Das mag sein, mache ich aber nicht. Da geh ich das Risiko bewusst ein. Wer mag, kann ja die Halbschale Uphill anziehen und dann für den Downhill wechseln.


----------



## demlak (29. August 2016)

Dann hier eine gegenteilige Meinung =)

Ist eine Grundsatzfrage.. und jeder hat da andere Grundsätze.. ich, z.B. fühle mich im Strassenverkehr/auf Forstwegen/etc. NOCH sicher genug. 
Das "noch" bezieht sich allerdings weniger darauf, dass mir noch eine Unfallerfahrung fehlt.. als eher darauf, dass ich davon überzeugt bin, dass ein etablieren des Helmtragens im Straßenvekehr langfristig zu noch weniger Rücksicht durch andere Verkehrsteilnehmer führen wird.
Selbstverständlich erhöht der Helm erstmal meine Sicherheit.. aber, ich denke, langfristig wird die Sicherheit dadurch eher abgebaut.


----------



## Baxter75 (29. August 2016)

Kadauz schrieb:


> Das mag sein, mache ich aber nicht. Da geh ich das Risiko bewusst ein. Wer mag, kann ja die Halbschale Uphill anziehen und dann für den Downhill wechseln.

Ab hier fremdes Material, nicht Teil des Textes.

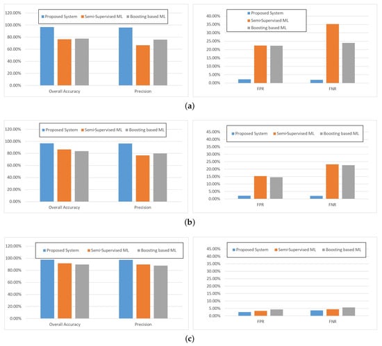 The simulation results are shown in Figure 5. It is depicted in Figure 5 that almost all the algorithms were improving as the training dataset size increased. When the data size was large, the overall accuracy and precision rate of all the methods could obtain an acceptable performance; both the overall accuracy and precision rate were more than 85%, which is shown in Figure 5c. However, when the data size was small, the proposed method performed better than the others, which is shown in Figure 5a. Furthermore, when the data size increased by about six times, the FPR of the two machine learning methods dropped from the highest of more than 20% to below 5%. Furthermore, the FNR dropped from more than 35% to 6%. This means that as the data size increased, the machine learning based performed better, and the smallest data size would be selected as 6646. Comparatively, the proposed method in this paper performed much better when the data size was small. As the data size increased, the performance even became less effective, which may be because as the training data size was enlarged, the classification model was overfitted.

son quatsch ..mit 2 Helmen ...   Zeig mal bitte,was Du so fährst ,das Du unbedingt nen FF beim Downhill brauchst im Wald ....


----------



## demlak (29. August 2016)

Baxter75 schrieb:


> son quatsch ..mit 2 Helmen ...   Zeig mal bitte,was Du so fährst ,das Du unbedingt nen FF beim Downhill brauchst im Wald ....



wie kann man hierbei von "brauchen"sprechen?

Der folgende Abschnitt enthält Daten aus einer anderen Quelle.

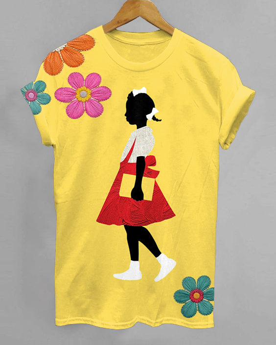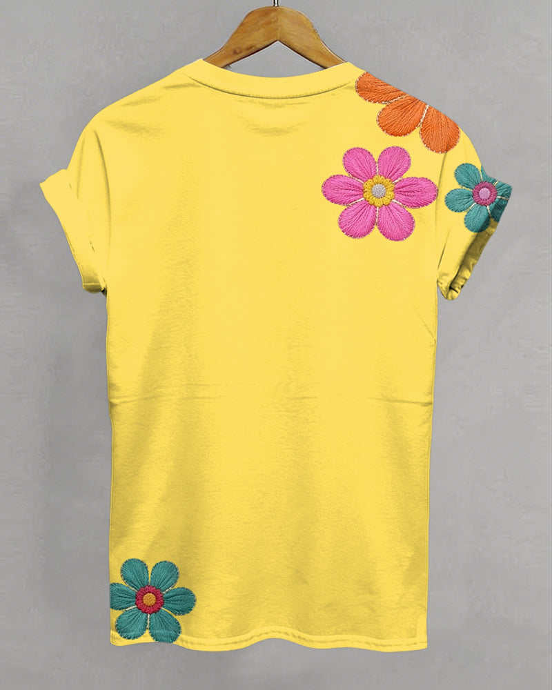 Ruby Bridges Flowers Print Crew Neck Short Sleeve Tshirt

der typ der am mittagstisch ohnmächtig wurde und im suppenteller ertrank hätte auch eine tauchmaske samt atemgerät " brauchen" können...


----------



## Kadauz (29. August 2016)

Baxter75 schrieb:


> son quatsch ..mit 2 Helmen ...   Zeig mal bitte,was Du so fährst ,das Du unbedingt nen FF beim Downhill brauchst im Wald ....


Ich weiß zwar nicht was das zur Sache tut, aber ich fahre langsam hoch und schnell bergab.  
Bei uns muss man öfters mal hochfahren, um ne Downhillstrecke runterfahren zu können. Das mach ich nur mit FF.


----------



## Baxter75 (29. August 2016)

Kadauz schrieb:


> Ich weiß zwar nicht was das zur Sache tut, aber ich fahre langsam hoch und schnell bergab.
> Bei uns muss man öfters mal hochfahren, um ne Downhillstrecke runterfahren zu können. Das mach ich nur mit FF.




Wenn Du auf ner REINEN Downhillstrecke unterwegs bist ..siehst da ganz anders aus ..


----------



## Kadauz (29. August 2016)

Baxter75 schrieb:


> Wenn Du auf ner REINEN Downhillstrecke unterwegs bist ..siehst da ganz anders aus ..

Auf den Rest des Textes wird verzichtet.